Treatment in Degenerative Diseases
Brain stimulation has also gained attention as an experimental treatment for degenerative diseases and stroke, and numerous clinical trials have been set up in recent years for patients who suffer from such illnesses.
"There is a lot of work going on to find optimal ways to do this stimulation," said Dr. Bruce Dobkin, professor of Neurology at the David Geffen School of Medicine at UCLA. "But there are still a lot of questions, like where exactly to stimulate, what are the parameters, the best frequency, force and amplitude, and how often this treatment should take place."
To break it down simply, Dobkin said that everything in the brain is like electrical activity and electrical stimulation bumps up that activity between the nerve cells.
"The flexibility and adaptability in the brain is pretty miraculous," Dobkin said. "It's nothing at all magical, but the real question is: Will this tool be powerful enough for general use, especially in rehab or to enhance learning in developmental disorders."
Dr. Edward Taub, a behavioral neuroscientist at the University of Alabama at Birmingham, said that the brain stimulation in stroke rehab has, thus far, only showed a small, if any, benefit.
"There's always an improvement compared to immediately after the stroke, but there is no evidence that any method of remediation, rehab, reeducation, whatever you want to call it, works in stroke patients right now," Taub said.
About 750,000 Americans experience stroke every year, and it is the leading cause of adult disability in the country.
Taub said a developed and proven treatment would be a great contribution to stroke research.
"If this works, then it would be a breakthrough, but we're very far from that point," Taub continued. "However, this is an avenue to pursue."
A Healthy Dose of Skepticism
But with such groundbreaking discoveries comes skepticism.
Dr. David Loewenstein, professor of Psychiatry and Behavioral Sciences at the University of Miami School of Medicine, agreed that much more research is required before it is used in real life.

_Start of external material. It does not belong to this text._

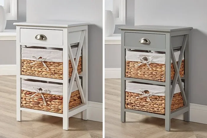 Wooden Storage Cabinet with Drawer & 2 Wicker Baskets – Modular Organiser, Pre-Assembled, Nautical Style (Grey or White)
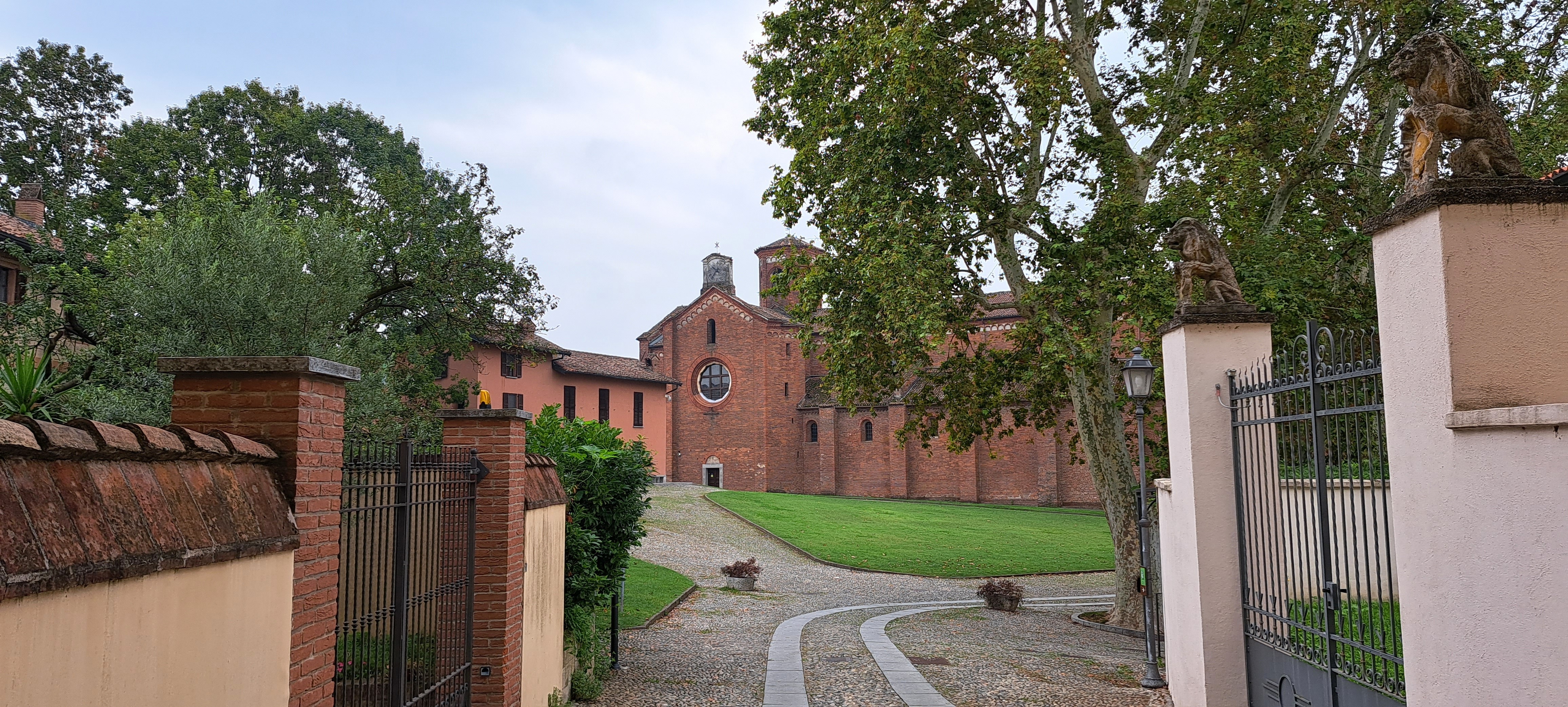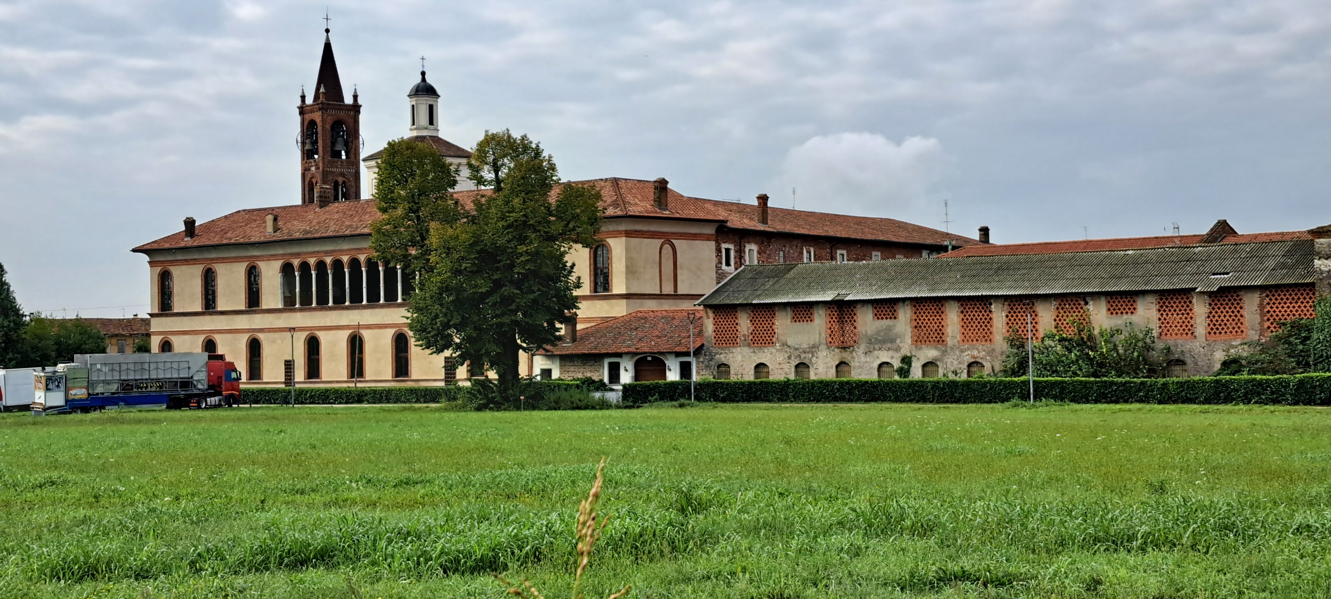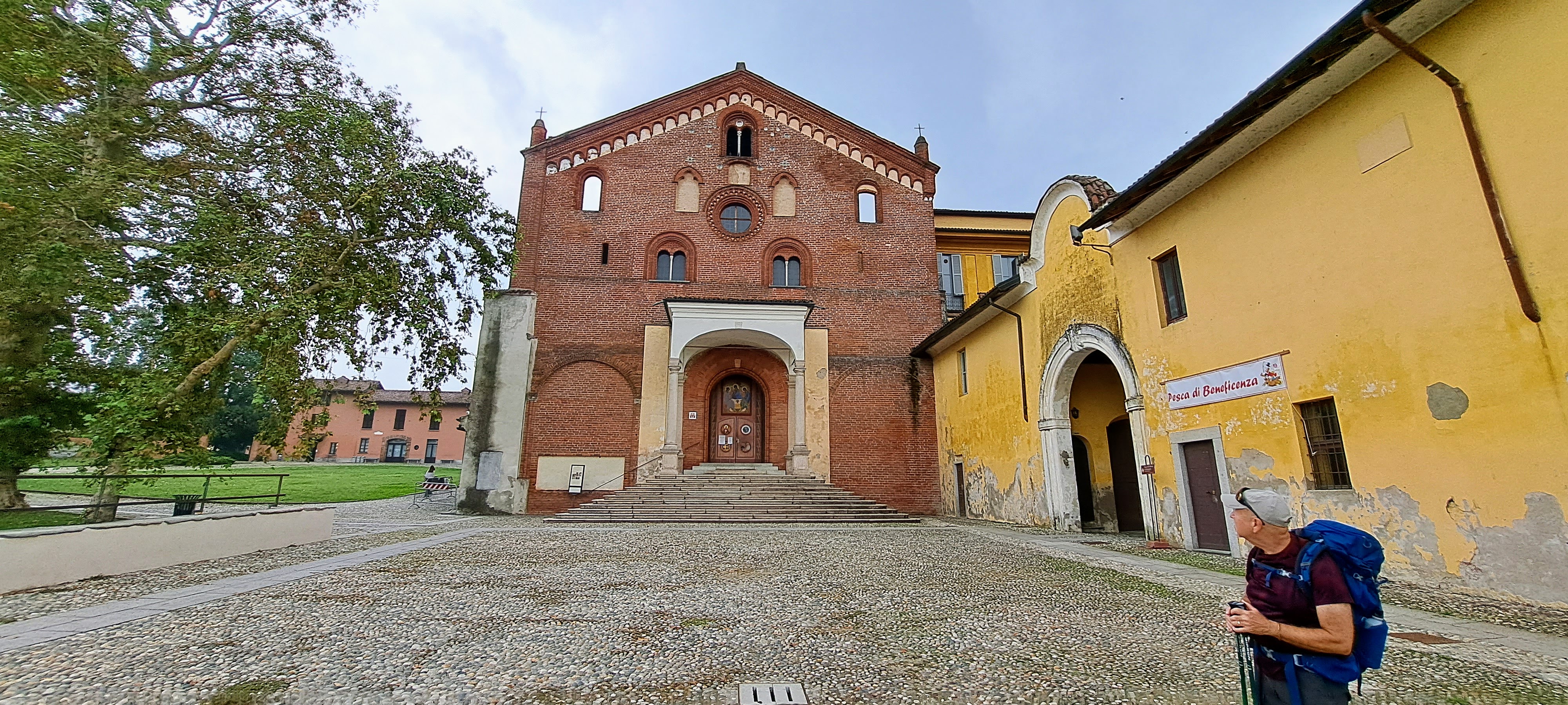 Tappa 7….Abbiategrasso to Bereguardo.19km/11.8m Today, we are heading south beside a different canal, giving us long views across rice fields, canal locks and spillways. Along the way, we stopped at the commanding Abbazia di Morimondo, but unfortunately, we arrived during off hours.

Loewenstein said further trials require appropriate control groups to make sure that any observed effects of the stimulation are actual changes and not placebo effects.
"One would also have to show improvements in mathematical abilities that had real world applicability such as the ability to balance a checkbook," Loewenstein said.
"While this is an interesting study on normal [patients], much would have to be done to determine whether this technique could have a meaningful effect in rehabilitation."